• **Problem to work on**
Pictures in the entries below are excluded; copy only the lines from the one containing "Heute werden Herzen" to the one containing "İstanbul Havalimanı’nda da", both included.

• **Provided records**
§ §

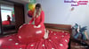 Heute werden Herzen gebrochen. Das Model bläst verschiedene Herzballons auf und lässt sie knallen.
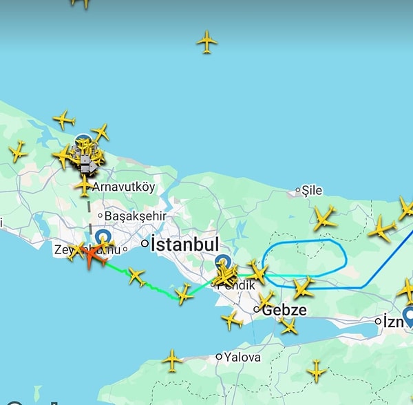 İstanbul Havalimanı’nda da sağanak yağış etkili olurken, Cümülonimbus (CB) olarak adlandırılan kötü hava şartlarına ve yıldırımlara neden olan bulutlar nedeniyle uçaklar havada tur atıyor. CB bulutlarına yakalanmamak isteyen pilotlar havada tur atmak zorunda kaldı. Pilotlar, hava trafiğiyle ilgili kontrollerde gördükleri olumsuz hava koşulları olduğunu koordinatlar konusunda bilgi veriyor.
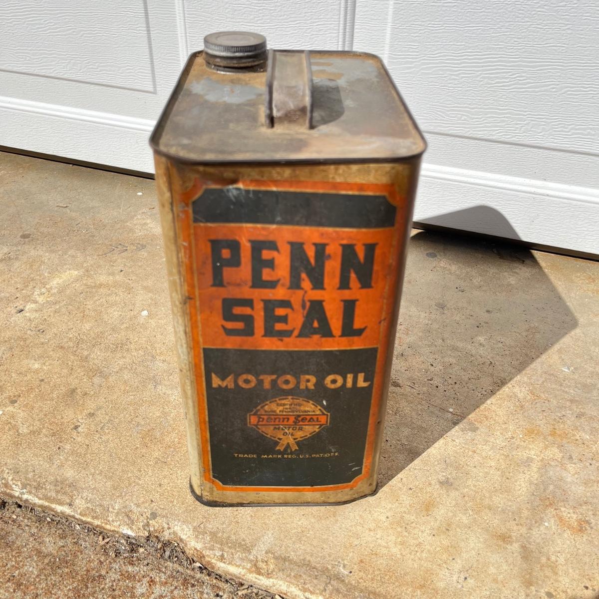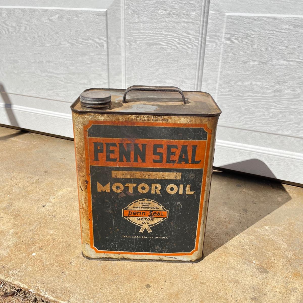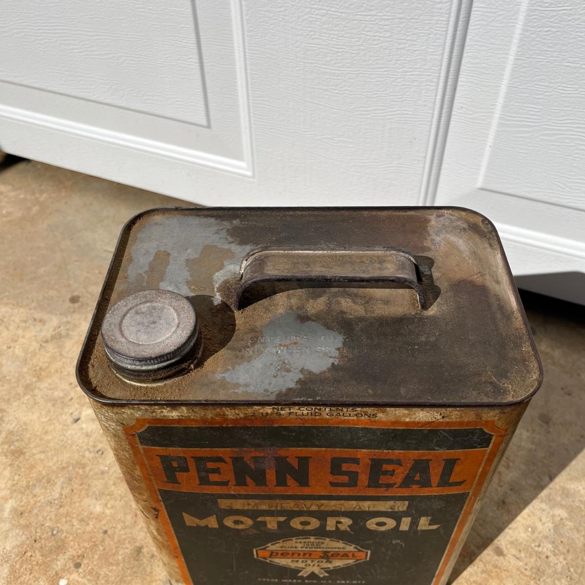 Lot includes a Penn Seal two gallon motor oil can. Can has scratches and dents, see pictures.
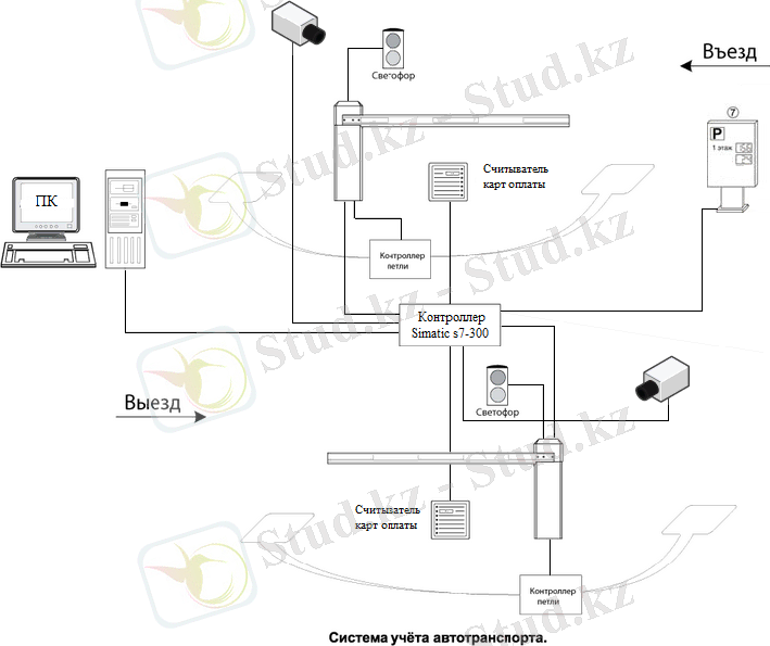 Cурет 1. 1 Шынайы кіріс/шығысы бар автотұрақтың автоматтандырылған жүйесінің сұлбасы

§ §

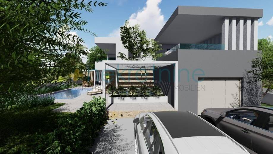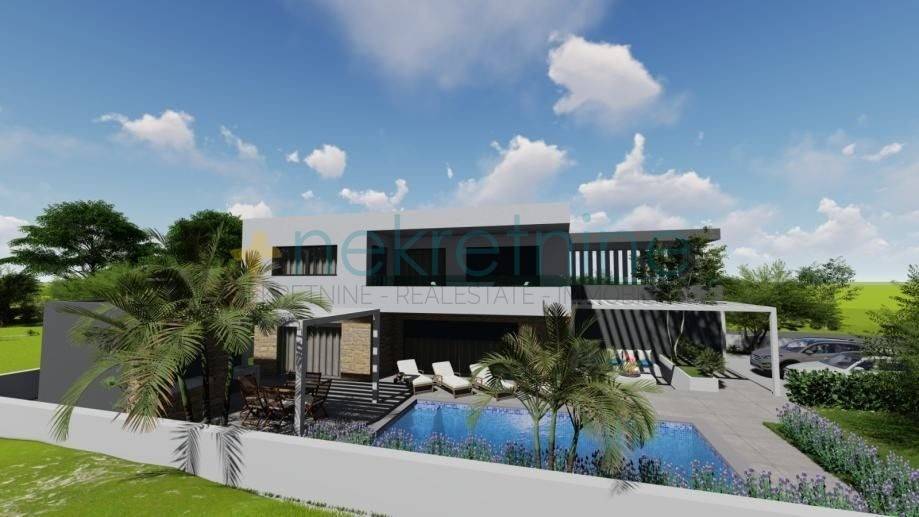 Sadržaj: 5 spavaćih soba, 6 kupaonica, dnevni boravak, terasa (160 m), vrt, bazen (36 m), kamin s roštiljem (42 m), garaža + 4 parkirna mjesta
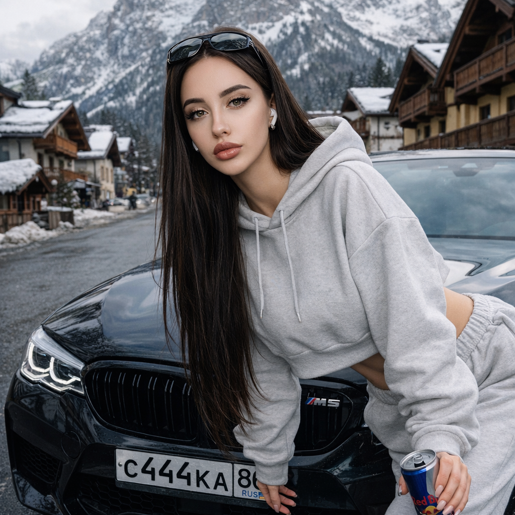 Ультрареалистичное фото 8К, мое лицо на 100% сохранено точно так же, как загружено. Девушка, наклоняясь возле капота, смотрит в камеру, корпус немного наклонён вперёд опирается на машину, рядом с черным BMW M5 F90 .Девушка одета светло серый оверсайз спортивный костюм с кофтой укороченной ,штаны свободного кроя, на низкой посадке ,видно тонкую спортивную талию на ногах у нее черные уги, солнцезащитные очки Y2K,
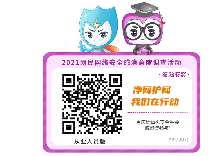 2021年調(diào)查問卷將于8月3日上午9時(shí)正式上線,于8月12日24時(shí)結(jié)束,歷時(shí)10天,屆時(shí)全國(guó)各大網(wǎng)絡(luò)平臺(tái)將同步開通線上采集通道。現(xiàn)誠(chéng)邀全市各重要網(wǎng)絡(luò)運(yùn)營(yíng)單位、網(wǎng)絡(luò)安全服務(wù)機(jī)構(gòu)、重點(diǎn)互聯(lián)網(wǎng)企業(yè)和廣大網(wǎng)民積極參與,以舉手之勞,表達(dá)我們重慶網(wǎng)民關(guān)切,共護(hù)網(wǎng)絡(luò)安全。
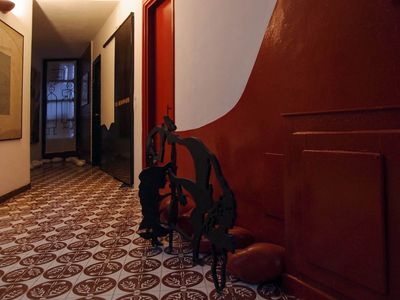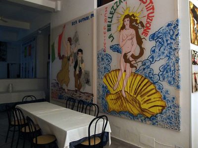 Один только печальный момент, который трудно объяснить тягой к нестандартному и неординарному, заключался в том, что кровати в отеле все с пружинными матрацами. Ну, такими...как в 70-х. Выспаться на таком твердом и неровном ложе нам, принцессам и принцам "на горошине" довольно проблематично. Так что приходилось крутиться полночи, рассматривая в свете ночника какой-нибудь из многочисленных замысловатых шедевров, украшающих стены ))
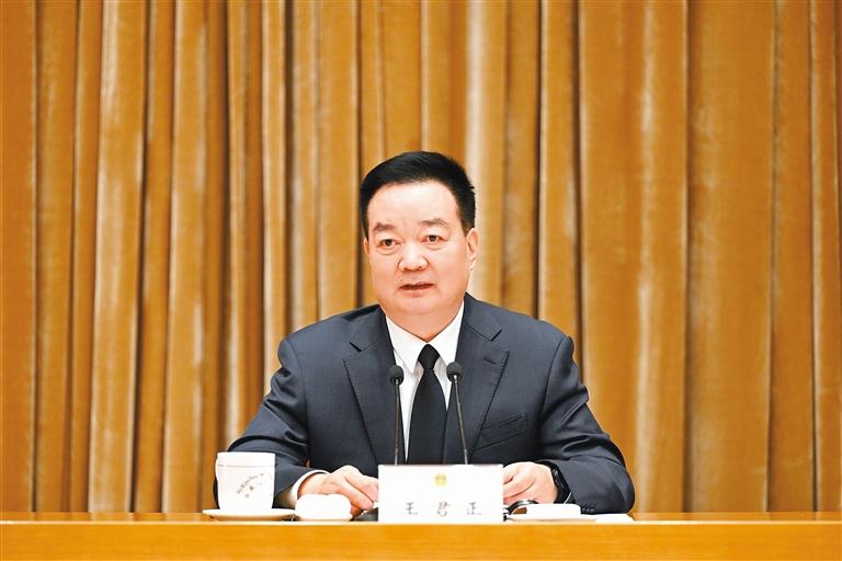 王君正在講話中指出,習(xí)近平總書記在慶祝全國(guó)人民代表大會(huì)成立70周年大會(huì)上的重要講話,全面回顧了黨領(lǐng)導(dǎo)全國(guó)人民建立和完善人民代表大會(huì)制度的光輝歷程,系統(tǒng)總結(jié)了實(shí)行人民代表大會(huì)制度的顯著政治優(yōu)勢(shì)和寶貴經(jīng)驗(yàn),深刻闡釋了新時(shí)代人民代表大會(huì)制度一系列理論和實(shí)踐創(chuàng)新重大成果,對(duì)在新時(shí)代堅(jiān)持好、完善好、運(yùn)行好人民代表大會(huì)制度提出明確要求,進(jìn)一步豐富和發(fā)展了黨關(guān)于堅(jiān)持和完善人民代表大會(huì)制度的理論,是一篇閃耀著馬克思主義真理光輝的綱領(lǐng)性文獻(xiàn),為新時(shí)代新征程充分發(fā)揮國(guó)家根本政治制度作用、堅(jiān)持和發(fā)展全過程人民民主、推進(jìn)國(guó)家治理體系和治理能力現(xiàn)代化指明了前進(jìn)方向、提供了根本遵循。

§ §

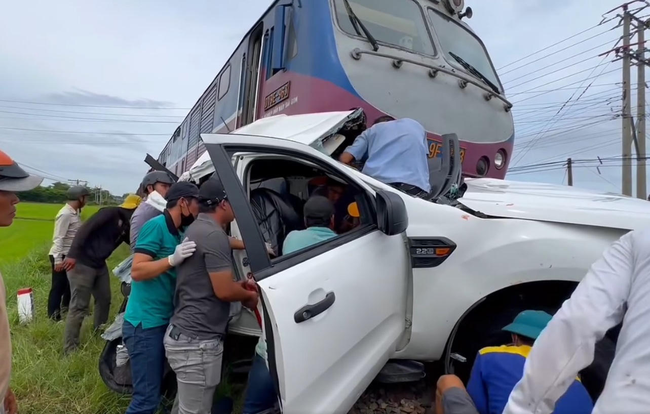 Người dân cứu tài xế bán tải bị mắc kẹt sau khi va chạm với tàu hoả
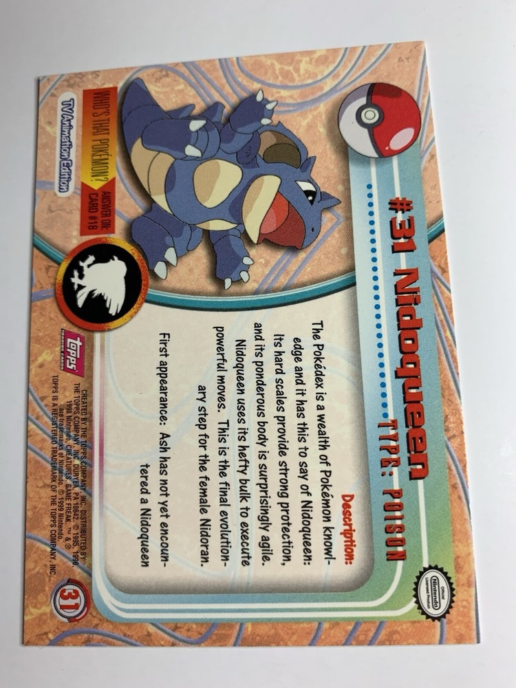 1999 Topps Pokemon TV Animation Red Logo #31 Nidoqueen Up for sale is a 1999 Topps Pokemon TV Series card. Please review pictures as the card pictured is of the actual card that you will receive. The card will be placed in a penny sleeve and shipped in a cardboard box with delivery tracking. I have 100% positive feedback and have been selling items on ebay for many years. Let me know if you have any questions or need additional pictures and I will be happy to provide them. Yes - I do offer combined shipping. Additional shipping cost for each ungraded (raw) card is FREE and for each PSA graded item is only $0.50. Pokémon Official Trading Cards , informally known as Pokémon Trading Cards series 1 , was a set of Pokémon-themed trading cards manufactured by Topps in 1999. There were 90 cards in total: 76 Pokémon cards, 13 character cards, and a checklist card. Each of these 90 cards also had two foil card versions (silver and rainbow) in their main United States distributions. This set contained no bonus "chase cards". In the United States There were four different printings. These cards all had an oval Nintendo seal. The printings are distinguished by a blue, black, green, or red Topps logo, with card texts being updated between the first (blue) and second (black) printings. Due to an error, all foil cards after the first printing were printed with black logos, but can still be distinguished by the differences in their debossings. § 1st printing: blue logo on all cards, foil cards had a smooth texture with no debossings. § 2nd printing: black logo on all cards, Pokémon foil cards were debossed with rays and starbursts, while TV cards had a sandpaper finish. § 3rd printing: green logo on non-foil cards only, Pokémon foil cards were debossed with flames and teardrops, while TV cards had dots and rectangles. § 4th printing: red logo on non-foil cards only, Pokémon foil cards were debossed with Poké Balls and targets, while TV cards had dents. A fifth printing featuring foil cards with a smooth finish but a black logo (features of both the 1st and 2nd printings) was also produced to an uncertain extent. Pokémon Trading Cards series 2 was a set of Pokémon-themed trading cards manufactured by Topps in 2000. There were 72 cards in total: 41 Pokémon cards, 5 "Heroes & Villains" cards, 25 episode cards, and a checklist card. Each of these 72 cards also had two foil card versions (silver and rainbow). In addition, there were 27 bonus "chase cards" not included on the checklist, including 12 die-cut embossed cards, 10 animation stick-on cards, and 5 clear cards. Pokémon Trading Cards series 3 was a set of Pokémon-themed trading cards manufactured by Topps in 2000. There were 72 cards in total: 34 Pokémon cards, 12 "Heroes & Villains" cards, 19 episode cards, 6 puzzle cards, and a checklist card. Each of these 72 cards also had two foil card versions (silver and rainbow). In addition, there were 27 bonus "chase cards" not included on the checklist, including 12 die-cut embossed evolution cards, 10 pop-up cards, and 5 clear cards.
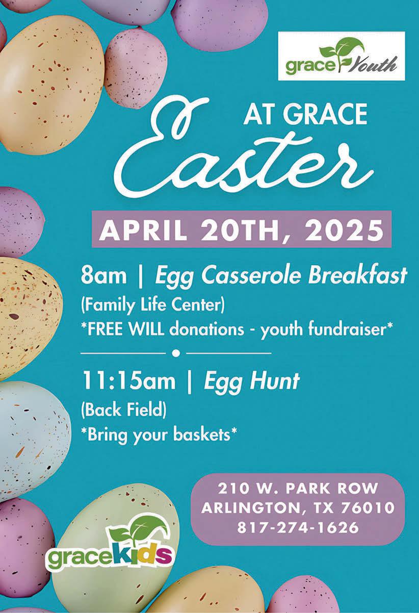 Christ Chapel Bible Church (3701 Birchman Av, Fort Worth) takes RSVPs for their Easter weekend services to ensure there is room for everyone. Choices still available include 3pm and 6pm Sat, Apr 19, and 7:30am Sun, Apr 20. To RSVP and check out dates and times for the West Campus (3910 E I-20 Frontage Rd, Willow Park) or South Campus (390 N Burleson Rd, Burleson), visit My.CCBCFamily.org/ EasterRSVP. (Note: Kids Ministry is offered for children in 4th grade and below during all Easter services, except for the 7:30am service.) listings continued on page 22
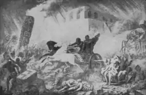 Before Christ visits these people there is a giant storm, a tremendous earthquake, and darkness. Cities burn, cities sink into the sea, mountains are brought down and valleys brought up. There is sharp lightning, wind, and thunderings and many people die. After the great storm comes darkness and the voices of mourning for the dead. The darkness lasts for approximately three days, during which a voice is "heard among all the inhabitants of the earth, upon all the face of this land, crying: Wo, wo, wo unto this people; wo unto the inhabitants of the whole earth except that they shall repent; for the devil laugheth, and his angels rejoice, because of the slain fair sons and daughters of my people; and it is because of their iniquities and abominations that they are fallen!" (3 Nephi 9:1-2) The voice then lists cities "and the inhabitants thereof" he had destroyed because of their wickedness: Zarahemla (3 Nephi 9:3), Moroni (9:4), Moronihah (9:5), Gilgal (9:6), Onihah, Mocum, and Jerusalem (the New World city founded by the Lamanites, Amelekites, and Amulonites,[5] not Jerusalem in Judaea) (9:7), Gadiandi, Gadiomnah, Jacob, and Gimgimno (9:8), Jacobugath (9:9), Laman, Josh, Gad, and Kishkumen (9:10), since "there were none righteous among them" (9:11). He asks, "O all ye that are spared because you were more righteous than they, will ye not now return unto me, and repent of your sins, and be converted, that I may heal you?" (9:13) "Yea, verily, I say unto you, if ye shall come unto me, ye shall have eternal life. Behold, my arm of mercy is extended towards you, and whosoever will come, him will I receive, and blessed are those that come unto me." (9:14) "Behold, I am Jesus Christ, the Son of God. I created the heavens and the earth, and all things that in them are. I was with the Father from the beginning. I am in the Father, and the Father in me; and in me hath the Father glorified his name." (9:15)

§ §

• **Result of this exercise**
 Heute werden Herzen gebrochen. Das Model bläst verschiedene Herzballons auf und lässt sie knallen.
 İstanbul Havalimanı’nda da sağanak yağış etkili olurken, Cümülonimbus (CB) olarak adlandırılan kötü hava şartlarına ve yıldırımlara neden olan bulutlar nedeniyle uçaklar havada tur atıyor. CB bulutlarına yakalanmamak isteyen pilotlar havada tur atmak zorunda kaldı. Pilotlar, hava trafiğiyle ilgili kontrollerde gördükleri olumsuz hava koşulları olduğunu koordinatlar konusunda bilgi veriyor.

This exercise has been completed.